Cortina d’Ampezzo is an attractive old mountain town beneath truly beautiful mountains, and many Italian visitors in particular come here as much to be seen as to ski...
The resort and skiing if you’re serious about your skiing you’ll rarely find the more challenging slopes too busy. That said the options are limited for better skiers unless you use a guide to access the backcountry. But for beginners and intermediates it’s a wonderful resort – and scenically there are few in the world to compare, especially at sunset when the peaks turn every shade of mauve, pink and purple.
Unfortunately most of Cortina’s ski areas are only linked by bus, which can be a hassly way of getting to the slopes, especially in ski boots. But the bus service is free with your lift pass and very efficient. And as an added bonus you also have access to the mighty Dolomiti Superski area, which claims to be the biggest linked ski area in the world with 1200km of groomed slopes and 450 lifts.
You can’t actually ski into Cortina – the various ski areas are all a lift or bus ride away from the town centre. Most accessible is Faloria, reached via a cable car from close to the bus station. From here you can access the spectacular terrain of Cristallo.
Just north of town is the small Mietres ski area, which consists mainly of blue and red runs. The highest and most dramatic ski area is Tofana, which rises to 2830-metres and is reached via a number of linked cable cars from just outside town. From here you can also access Cortina’s largest ski area of Pomedes and the popular Socrapes beginners’ runs.
Also available on a Cortina ski pass – and well worth a visit despite the 20-minute bus ride – is the scenic terrain of Cinque Torri from where you can access the small, north facing Col Gallina area, and the mighty crags of Lagazuoi from where you descend into the Hidden Valley.
Cortina is great for beginners, with the nursery slopes of the Socrapes area being especially user-friendly. There are four ski schools, which received mixed reports and can at time have a very Italian insouciance about them.
Intermediate skiers who don’t mind repeating the same runs will enjoy the Tofana, Faloria and Cinque Torri areas – the spectacular mountain scenery alone ensures you’ll never get bored. Advanced/expert skiers will find the options limited though – the steep black at Tofana is fun, and Staunies from the top of Cristallo is challenging when open - which isn’t often.
After a fresh dump the snow beside the pistes can remain relatively untracked for some time since Cortina isn’t a place that generally attracts off-piste skiers, but beware – bizarre as it may seem, the resort is patrolled sporadically by alpine carabinieri (police) who may fine you for skiing off-piste due to the authorities’ fear of litigation in the event of an accident! Book a day out with Guide Alpine (+39 436 868505) in town if you want to ensure you enjoy the best off-piste or ski touring at the same time as staying on the right side of the law.

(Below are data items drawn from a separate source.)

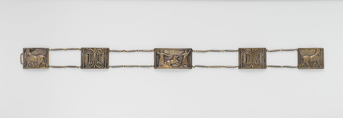 The links of the belt show a variety of Assyrian imagery, including at the center a royal lion-hunt scene with a pseudo-cuneiform inscription, as well as human-headed winged bull gateway guardian figures, known as lamassu, based on those from the palace of Sargon II (r. 722–705 BCE) at Khorsabad. These figures, and similar winged lions, were the motifs most commonly used in Assyrian revival jewelry and decorative arts.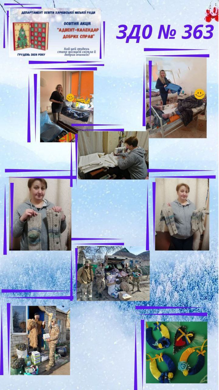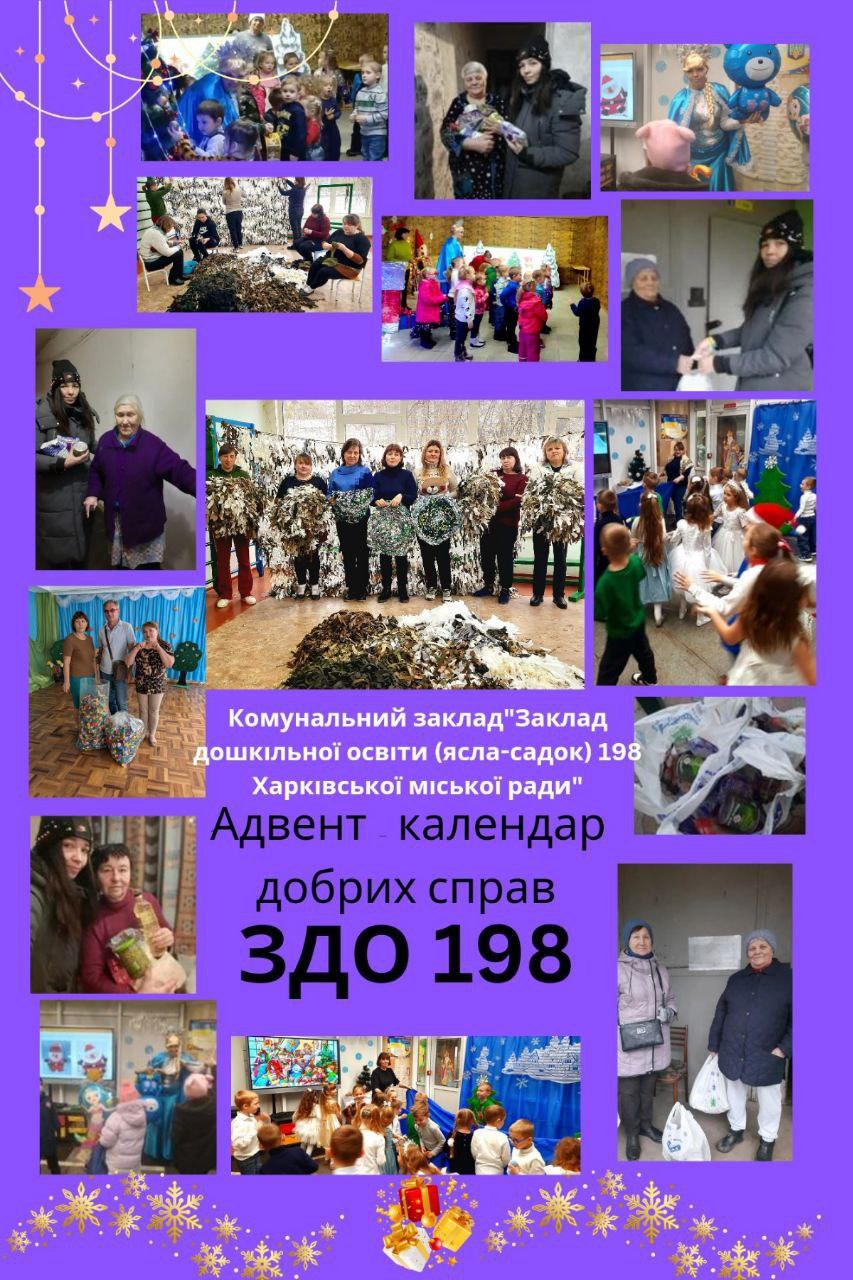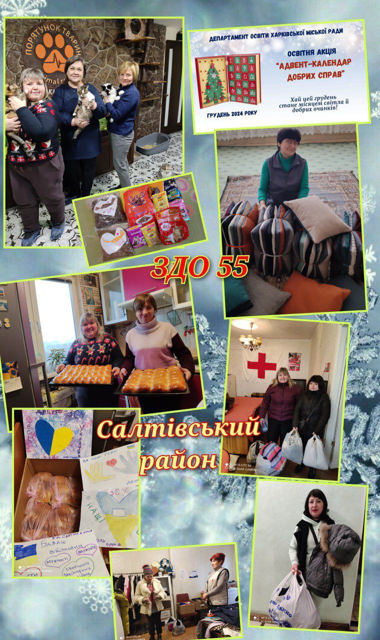 Робити добрі справи не так вже й важко, а під час війни необхідно. Тому, запропонована Департаментом освіти Харківської міської ради освітня акція “Адвент- календар добрих справ” у грудні 2024 року, набула вийняткового сенсу для працівників закладів дошкільної освіти Салтівського району, оскільки вони постійно знаходять час для добрих вчинків: допомогають нашим захисникам, підтримують людей вразливих категорій, дарують радість дітям, піклуюттся про беззахисних тварин та багато іншого. Кожен маленький внесок наближає нас до великої мети – вселити в серця надію та небайдужость до ближнього!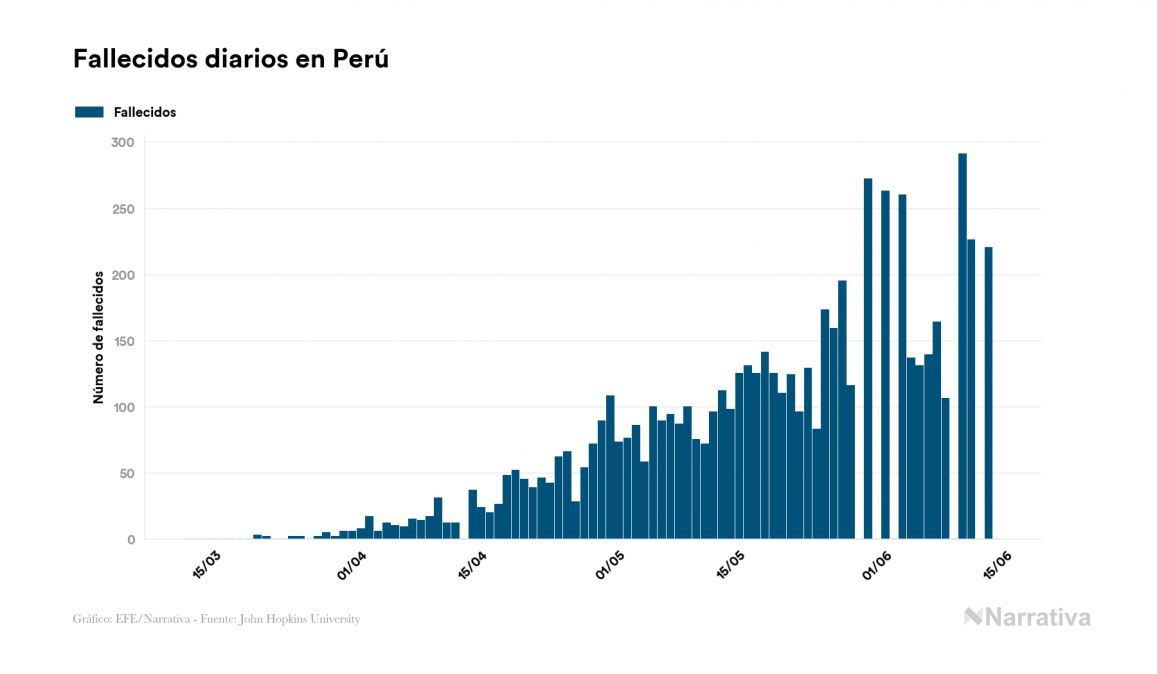 La COVID-19 deja ya 220.749 casos de contagio en Perú, con 102.717 de ellos actualmente activos y 6.308 fallecidos, según los últimos datos correspondientes al 14 de junio. Además, un total de 111.724 personas ya se ha recuperado, tras sumarse 4.591 en el último informe.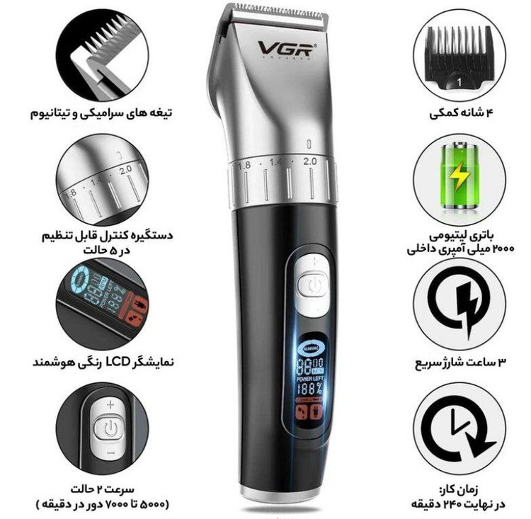 منبع انرژی باتری، جنس تیغه تیتانیوم، وزن 500 گرم، مدت زمان شارژ 2 ساعت، برند VGR میباشند.

Other than novices all skiers will enjoy the lovely Hidden Valley run through magnificent mountain scenery and finishing with a horse-drawn lift ride, and the fun but busy Sella Ronda circuit is also accessible by free ski bus from Cortina.
Lifts are generally fast and efficient but at peak season queues may be a minor problem, especially on the ever popular Sella Ronda. Snow conditions are not that reliable and can vary enormously from year to year. However, ninety per cent of Cortina’s ski area is covered by snow machines, so when Mother Nature won’t play ball you’ll still be able to ski.
Eating out
There’s a wide range of options – great pizzas are to be had at Pizzeria Al Passetto at via Marconi 8, whilst the Grill de la Posta on piazza Roma, 14 has a nice atmosphere. Or for high end dining head to the Michelin-starred Tivoli just outside town.
But Cortina is really all about mountain dining, with few mountain restaurants failing to provide superb fare - don’t miss the Rifugio Averau, above Cinque Torri for its fantastic views and great pasta and wine, or the Rifugio Duca d'Aosta in the Tofana/Socrepes area and the Blues Bar Lacedel at the base of Socrapes which is popular when the skiing ends and as the name suggests has good music.
The town
Part of the reason to ski in Cortina is to be immersed in the alpine charm of the town – wander along the attractive piazza of Corso Italia in the evening and people watch, pop into small wine bars such as Enoteca on Via del Mercato and try one or two of their 700-plus wines.
Nightlife isn’t quite as wild as you might expect from such an iconic resort, although the Hotel Poste on Piazza Roma is usually pleasantly convivial, whilst the Clipper Bar on Largo Poste has loud music and a friendly atmosphere, and tends to get busier as the night draws on.
Off the slopes
Cortina is a good choice if you don’t wish to ski all day, every day. Check out the fascinating First World War tunnels and defences burrowed into Mount Lagazuoi; enjoy a good range of cross-country ski trails (70km in total); or enjoy the easy walking trails in the Socropes and nearby Pocol areas.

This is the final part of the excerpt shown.